Constitutions exist to ensure that everyone plays by the same rules- rules that must be respected both by powerful majority and tiny minority factions. When one faction - usually the powerful majority - fails to play by those rules, then it is the duty (not option, not prerogative, but actual duty) of the courts to turn that majority back.
What is so disturbing about conservatives' reactions to the California decision is the way in which it shows they have so utterly abandoned their stated respect for the Constitution in the 1980s for a form of self-serving majoritarianism in which the sole power capable of overturning local legislative action is through the Presidency of the United States (Oregonians know of what I speak).
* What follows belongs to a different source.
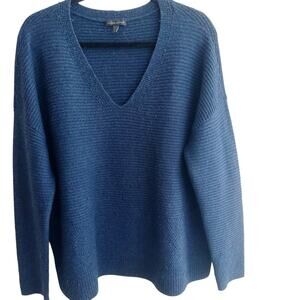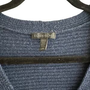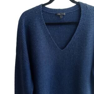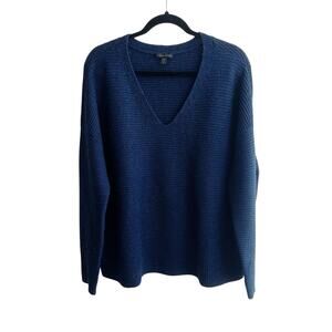 Eileen Fisher Boxy Wool Alpaca Yak V-Neck Sweater Navy Blue Large

In the 1980s, Justices Scalia, Rehnquist, and others became folk heroes of the conservative movement for their willingness to overturn laws whenever they (correctly, I might add) found those laws violative of the Constitution (typically in the arena of federalism jurisprudence). By almost any definition those decisions, which interpreted laws in such a way as to find a conflict with the Constitution and which significantly departed from about 50 years of SCOTUS jurisprudence, were "activist." And conservatives and libertarians alike celebrated these decisions. During the several years I considered myself a conservative, it was this view of the role of the courts to which I thought I was signing on. But that all changed, most notably with the Terry Schiavo ridiculousness, but really well before that even.
The reactions to the California court's decision demonstrate just how far the conservative view of the judiciary has strayed.
For instance:
Robert Stacy McCain:
"What Justice George overlooks is the question of who makes the laws in a democratic polity. It is not up to judges to arbitrarily re-write the laws that the people have enacted through their freely elected representatives. If the people of California wished their state laws to recognize same-sex unions, they could petition their legislature to enact such laws."
NRO's Editorial Board:
"But in a representative democracy, everyone ought to agree that any changes should result from legislation, not from activist judges who twist and distort constitutional text to their own ends."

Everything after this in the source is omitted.